- **What is required**
Your answer should be the lines below from the one with "Весенний ремонт дорог: холодный" to the one with "White Wild Roses", both included, given again exactly and with nothing added.

- **Material for this exercise**
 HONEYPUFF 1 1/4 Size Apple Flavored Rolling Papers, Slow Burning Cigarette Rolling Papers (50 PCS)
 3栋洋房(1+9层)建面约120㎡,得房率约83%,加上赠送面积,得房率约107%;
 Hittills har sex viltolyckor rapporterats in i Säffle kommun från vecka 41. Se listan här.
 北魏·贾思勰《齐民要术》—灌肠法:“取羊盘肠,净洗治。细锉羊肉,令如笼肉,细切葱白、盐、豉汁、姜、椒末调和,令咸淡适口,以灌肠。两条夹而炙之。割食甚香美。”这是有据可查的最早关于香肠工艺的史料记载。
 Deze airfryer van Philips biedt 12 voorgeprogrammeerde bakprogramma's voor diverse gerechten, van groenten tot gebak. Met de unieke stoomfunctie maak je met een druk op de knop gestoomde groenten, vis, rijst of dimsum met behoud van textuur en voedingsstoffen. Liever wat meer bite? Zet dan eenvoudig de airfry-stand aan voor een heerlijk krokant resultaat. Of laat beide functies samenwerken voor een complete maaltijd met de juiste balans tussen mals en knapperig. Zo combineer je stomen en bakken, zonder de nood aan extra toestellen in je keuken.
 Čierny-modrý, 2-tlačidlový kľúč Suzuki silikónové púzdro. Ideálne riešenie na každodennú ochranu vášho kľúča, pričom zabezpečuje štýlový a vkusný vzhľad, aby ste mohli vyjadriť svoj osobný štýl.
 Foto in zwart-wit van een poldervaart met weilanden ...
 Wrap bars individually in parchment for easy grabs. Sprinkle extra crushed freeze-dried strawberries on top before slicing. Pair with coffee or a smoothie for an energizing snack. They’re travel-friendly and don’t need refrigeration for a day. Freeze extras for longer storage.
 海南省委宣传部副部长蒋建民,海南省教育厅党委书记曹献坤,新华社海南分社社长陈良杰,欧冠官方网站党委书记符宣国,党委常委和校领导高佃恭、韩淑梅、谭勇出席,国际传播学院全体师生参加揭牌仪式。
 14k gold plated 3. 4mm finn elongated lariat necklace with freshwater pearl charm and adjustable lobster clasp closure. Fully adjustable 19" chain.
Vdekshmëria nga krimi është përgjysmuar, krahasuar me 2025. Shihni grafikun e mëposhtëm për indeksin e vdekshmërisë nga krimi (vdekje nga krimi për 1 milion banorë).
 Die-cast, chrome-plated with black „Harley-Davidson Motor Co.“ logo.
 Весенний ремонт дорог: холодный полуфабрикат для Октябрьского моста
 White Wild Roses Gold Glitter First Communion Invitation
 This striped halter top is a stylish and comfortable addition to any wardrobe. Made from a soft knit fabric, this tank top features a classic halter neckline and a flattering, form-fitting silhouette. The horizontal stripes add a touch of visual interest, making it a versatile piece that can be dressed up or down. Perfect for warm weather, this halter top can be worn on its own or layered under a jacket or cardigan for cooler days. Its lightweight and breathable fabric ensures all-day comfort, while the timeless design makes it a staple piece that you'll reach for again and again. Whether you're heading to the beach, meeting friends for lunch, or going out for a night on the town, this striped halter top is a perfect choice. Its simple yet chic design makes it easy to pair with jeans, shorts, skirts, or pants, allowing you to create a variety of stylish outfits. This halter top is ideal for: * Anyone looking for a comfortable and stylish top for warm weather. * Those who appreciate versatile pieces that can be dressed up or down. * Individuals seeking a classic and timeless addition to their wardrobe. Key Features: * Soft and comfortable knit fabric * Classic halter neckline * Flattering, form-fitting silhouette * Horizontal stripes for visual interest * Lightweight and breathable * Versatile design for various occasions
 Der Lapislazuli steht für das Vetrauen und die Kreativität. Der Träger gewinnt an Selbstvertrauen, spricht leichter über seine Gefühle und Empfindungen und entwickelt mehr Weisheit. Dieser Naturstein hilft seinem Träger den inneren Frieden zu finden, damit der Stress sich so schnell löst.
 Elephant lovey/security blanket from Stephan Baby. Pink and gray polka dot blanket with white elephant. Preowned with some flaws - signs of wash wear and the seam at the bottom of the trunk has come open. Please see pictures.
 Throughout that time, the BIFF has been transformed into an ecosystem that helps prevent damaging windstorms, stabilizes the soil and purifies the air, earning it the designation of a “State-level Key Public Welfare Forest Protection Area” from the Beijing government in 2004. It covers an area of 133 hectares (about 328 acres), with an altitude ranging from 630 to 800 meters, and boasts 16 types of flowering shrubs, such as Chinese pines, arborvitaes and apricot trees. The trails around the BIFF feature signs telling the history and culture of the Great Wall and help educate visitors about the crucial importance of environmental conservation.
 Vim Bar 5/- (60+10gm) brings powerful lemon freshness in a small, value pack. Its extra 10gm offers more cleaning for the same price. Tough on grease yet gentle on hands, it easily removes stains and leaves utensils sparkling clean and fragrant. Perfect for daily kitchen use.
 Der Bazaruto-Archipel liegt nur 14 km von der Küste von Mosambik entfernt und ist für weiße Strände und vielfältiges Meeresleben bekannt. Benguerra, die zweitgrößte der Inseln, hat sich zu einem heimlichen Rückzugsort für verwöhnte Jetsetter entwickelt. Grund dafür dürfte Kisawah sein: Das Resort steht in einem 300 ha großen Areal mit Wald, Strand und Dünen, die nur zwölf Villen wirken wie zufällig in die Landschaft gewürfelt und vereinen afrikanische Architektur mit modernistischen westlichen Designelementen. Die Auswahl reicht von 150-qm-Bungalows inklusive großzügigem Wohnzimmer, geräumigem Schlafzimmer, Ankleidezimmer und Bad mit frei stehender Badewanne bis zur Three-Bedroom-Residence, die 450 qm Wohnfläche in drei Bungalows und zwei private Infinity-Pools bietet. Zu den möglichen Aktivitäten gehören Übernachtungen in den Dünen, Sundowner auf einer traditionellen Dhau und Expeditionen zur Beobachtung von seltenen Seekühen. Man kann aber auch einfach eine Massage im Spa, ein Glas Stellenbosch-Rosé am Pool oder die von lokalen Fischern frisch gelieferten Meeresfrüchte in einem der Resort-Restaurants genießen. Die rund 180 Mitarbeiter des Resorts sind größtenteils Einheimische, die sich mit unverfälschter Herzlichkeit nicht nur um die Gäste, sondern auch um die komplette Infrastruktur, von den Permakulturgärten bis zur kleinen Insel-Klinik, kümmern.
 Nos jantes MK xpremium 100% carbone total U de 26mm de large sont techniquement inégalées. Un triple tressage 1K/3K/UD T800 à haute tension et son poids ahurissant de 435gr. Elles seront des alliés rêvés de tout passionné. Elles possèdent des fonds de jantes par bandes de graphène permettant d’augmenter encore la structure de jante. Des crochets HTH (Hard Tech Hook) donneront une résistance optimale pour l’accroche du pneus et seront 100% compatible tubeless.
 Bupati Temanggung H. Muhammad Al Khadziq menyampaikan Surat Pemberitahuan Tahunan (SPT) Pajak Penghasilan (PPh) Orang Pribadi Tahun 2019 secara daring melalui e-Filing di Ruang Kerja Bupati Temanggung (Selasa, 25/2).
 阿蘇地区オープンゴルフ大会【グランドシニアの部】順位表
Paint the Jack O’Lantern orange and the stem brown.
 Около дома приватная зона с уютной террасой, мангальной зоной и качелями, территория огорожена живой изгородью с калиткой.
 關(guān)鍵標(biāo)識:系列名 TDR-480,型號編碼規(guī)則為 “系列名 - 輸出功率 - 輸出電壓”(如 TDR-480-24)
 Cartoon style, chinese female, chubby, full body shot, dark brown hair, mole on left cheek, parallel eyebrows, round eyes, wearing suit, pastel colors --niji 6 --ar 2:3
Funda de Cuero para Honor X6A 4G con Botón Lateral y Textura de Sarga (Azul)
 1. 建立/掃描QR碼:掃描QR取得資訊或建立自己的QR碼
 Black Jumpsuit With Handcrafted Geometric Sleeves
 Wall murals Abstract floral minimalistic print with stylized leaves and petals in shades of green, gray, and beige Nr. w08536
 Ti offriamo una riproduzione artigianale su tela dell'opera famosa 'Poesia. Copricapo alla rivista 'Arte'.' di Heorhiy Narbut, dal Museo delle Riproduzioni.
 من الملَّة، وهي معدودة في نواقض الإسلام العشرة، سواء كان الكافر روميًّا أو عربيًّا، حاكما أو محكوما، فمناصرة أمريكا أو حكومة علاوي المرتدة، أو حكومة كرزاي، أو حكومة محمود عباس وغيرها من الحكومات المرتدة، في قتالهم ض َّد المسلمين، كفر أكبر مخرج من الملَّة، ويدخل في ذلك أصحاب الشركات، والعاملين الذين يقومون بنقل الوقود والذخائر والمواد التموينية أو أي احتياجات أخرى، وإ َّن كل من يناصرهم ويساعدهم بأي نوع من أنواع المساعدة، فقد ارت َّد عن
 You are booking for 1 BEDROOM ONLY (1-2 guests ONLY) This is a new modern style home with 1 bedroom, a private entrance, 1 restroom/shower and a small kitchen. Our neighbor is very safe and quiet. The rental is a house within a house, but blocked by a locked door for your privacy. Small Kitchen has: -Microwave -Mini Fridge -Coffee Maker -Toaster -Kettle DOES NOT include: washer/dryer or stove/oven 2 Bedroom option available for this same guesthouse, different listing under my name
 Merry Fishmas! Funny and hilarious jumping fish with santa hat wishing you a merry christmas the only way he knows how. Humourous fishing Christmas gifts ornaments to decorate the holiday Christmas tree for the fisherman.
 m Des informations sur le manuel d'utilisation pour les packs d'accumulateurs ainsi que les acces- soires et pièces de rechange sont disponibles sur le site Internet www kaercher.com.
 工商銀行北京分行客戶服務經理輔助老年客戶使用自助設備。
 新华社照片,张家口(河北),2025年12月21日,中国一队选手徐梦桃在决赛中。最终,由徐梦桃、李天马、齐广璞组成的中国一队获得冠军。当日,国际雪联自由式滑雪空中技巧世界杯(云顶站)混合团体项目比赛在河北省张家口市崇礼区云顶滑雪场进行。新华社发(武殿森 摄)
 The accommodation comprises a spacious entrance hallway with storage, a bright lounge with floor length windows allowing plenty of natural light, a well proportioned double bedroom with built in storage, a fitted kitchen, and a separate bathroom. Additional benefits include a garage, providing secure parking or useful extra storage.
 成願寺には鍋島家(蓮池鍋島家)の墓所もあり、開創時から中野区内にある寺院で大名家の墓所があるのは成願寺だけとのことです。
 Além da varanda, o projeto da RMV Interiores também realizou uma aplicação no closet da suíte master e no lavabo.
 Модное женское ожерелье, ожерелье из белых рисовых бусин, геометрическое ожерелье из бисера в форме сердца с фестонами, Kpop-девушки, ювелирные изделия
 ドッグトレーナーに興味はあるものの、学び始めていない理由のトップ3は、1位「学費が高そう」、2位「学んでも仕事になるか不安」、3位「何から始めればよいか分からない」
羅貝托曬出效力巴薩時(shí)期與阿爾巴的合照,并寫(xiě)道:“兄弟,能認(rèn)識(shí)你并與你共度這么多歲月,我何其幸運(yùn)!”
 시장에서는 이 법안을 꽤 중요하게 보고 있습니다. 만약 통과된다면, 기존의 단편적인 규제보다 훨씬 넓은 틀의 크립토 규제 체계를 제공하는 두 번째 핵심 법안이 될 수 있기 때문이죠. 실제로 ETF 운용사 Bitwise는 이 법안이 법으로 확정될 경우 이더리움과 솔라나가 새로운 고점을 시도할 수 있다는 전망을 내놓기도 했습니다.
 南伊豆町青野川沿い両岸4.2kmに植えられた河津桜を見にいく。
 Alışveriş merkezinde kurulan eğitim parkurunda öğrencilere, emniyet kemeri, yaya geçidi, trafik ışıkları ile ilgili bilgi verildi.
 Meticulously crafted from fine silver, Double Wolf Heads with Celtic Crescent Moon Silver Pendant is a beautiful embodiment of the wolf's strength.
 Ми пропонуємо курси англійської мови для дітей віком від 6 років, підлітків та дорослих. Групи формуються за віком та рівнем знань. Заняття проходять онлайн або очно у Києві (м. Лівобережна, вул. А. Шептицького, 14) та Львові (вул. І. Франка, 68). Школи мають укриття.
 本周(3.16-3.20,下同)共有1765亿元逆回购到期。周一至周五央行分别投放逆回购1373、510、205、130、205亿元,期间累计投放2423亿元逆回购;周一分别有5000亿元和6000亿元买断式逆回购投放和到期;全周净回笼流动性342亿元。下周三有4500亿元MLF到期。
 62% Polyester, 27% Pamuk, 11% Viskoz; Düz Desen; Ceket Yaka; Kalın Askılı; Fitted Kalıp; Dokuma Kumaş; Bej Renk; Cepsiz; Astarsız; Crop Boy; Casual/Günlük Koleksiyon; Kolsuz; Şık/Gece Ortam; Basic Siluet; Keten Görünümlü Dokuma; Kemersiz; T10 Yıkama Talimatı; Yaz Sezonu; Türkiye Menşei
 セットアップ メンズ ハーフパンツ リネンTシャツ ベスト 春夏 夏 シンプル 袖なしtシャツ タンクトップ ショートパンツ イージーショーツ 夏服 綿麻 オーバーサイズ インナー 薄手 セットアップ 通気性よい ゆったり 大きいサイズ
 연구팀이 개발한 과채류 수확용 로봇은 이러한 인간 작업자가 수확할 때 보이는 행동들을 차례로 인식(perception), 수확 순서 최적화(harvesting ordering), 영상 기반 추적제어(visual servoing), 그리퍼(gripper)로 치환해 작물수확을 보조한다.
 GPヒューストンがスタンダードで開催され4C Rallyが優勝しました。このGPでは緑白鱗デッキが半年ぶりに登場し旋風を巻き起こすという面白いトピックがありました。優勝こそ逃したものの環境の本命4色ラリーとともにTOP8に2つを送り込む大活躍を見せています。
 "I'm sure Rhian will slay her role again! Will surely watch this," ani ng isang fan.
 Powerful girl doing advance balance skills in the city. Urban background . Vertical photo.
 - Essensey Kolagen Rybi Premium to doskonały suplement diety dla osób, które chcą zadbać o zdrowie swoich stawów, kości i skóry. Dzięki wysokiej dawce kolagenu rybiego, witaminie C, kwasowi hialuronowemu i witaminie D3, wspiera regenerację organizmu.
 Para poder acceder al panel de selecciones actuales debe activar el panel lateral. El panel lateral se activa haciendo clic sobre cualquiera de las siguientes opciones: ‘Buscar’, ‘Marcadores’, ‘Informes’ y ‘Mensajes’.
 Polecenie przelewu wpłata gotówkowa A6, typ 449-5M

- **Answer for this exercise**
 Весенний ремонт дорог: холодный полуфабрикат для Октябрьского моста
 White Wild Roses Gold Glitter First Communion Invitation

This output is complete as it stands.